Task description –
From the material below, reproduce exactly the stretch of lines that begins with the line holding "This well maintained" and ends with the line holding "McIlvenna, a former", skipping the pictures.

Supplied records –
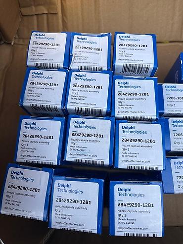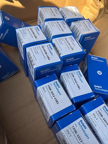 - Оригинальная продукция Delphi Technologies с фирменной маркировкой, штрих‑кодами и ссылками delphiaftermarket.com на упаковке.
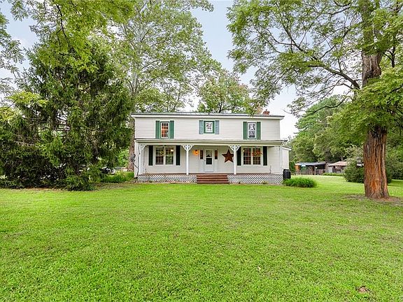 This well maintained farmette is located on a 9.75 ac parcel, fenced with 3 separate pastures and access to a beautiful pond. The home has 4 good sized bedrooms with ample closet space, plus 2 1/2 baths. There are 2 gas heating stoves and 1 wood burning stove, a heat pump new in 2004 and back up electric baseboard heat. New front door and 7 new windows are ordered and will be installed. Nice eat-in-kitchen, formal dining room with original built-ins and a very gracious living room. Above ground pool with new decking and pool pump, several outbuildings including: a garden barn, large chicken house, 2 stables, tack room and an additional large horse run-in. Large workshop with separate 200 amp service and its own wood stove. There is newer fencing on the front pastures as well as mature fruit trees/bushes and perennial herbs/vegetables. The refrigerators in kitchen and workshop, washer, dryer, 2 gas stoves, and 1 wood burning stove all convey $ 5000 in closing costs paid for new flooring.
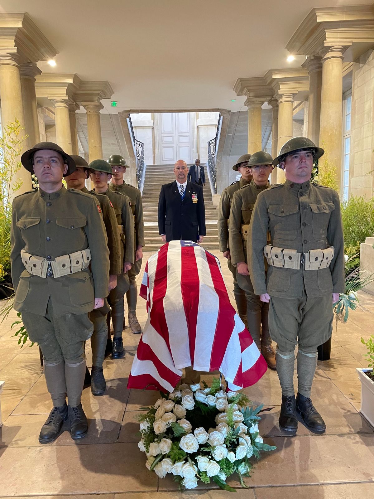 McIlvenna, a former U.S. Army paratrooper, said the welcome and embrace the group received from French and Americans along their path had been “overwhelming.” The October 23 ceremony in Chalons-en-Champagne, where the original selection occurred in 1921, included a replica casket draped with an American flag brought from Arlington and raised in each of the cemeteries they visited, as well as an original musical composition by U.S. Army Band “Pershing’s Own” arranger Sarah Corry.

...

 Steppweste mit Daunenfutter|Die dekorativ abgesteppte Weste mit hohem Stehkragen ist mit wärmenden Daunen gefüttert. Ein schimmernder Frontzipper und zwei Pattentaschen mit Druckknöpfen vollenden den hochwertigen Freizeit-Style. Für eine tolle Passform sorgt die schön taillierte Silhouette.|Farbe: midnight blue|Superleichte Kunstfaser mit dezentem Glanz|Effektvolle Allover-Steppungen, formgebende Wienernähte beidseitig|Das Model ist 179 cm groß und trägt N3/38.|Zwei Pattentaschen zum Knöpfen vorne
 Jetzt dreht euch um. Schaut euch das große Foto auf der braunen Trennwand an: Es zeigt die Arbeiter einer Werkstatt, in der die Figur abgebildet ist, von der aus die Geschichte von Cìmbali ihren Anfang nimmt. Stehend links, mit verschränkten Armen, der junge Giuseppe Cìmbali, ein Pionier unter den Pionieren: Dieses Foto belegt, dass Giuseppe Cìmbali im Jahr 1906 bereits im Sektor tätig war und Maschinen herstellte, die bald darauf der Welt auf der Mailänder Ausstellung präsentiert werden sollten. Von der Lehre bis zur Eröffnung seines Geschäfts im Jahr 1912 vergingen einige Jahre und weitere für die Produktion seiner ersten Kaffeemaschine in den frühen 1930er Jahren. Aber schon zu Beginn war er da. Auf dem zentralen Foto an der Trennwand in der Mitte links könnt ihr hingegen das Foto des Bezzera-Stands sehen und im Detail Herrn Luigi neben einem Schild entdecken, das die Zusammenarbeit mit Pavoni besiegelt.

* * *

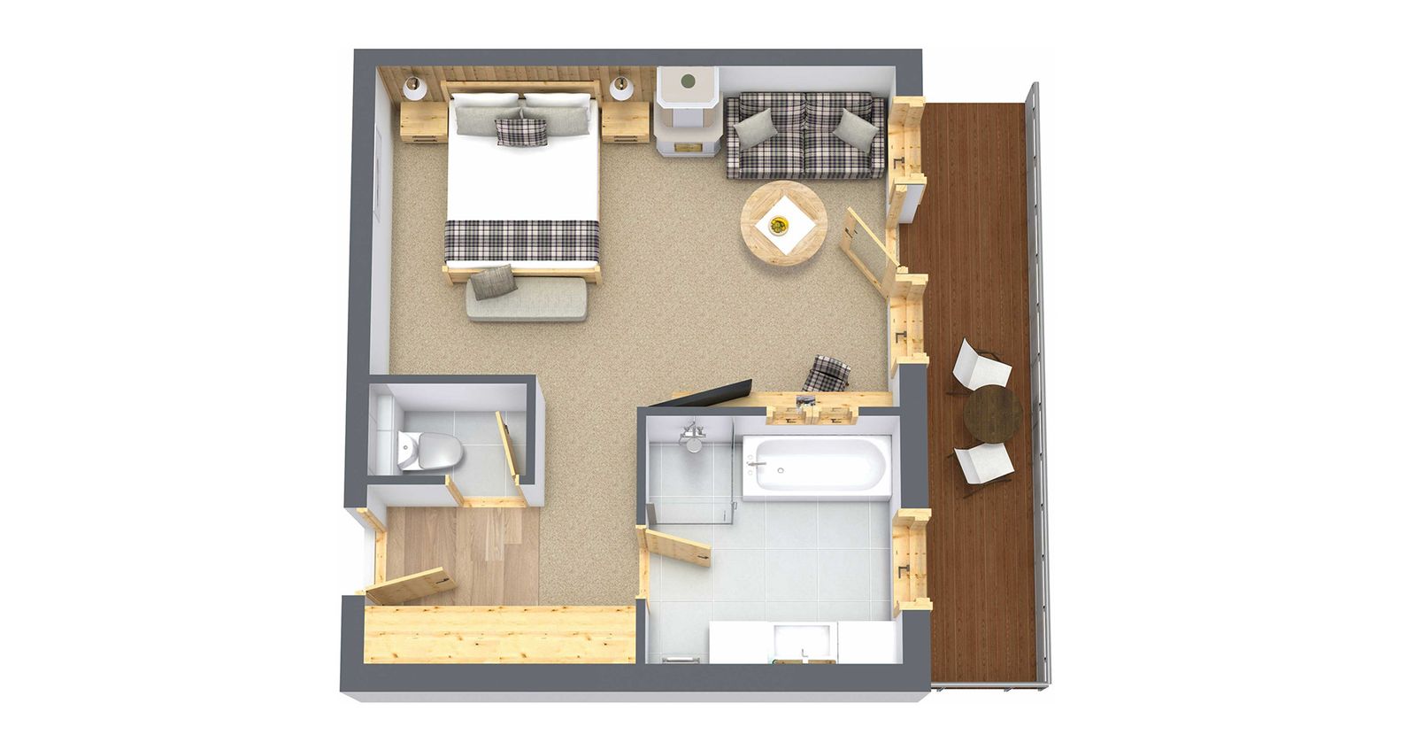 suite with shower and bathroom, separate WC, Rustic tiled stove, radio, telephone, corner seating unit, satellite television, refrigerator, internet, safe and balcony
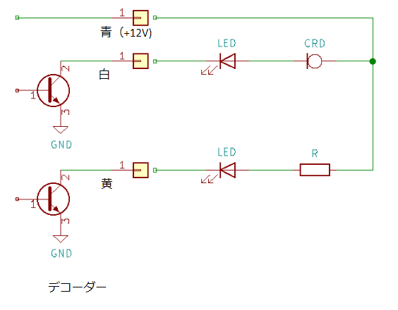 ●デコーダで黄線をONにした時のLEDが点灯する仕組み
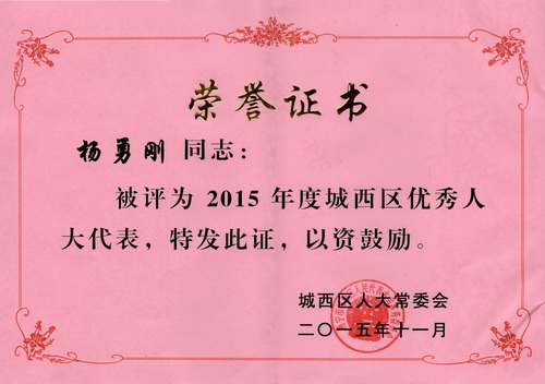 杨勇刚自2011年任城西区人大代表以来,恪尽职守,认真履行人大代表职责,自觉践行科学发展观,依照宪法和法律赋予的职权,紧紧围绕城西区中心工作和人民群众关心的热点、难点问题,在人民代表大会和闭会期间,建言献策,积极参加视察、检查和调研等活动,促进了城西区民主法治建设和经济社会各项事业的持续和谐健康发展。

Answer –
 This well maintained farmette is located on a 9.75 ac parcel, fenced with 3 separate pastures and access to a beautiful pond. The home has 4 good sized bedrooms with ample closet space, plus 2 1/2 baths. There are 2 gas heating stoves and 1 wood burning stove, a heat pump new in 2004 and back up electric baseboard heat. New front door and 7 new windows are ordered and will be installed. Nice eat-in-kitchen, formal dining room with original built-ins and a very gracious living room. Above ground pool with new decking and pool pump, several outbuildings including: a garden barn, large chicken house, 2 stables, tack room and an additional large horse run-in. Large workshop with separate 200 amp service and its own wood stove. There is newer fencing on the front pastures as well as mature fruit trees/bushes and perennial herbs/vegetables. The refrigerators in kitchen and workshop, washer, dryer, 2 gas stoves, and 1 wood burning stove all convey $ 5000 in closing costs paid for new flooring.
 McIlvenna, a former U.S. Army paratrooper, said the welcome and embrace the group received from French and Americans along their path had been “overwhelming.” The October 23 ceremony in Chalons-en-Champagne, where the original selection occurred in 1921, included a replica casket draped with an American flag brought from Arlington and raised in each of the cemeteries they visited, as well as an original musical composition by U.S. Army Band “Pershing’s Own” arranger Sarah Corry.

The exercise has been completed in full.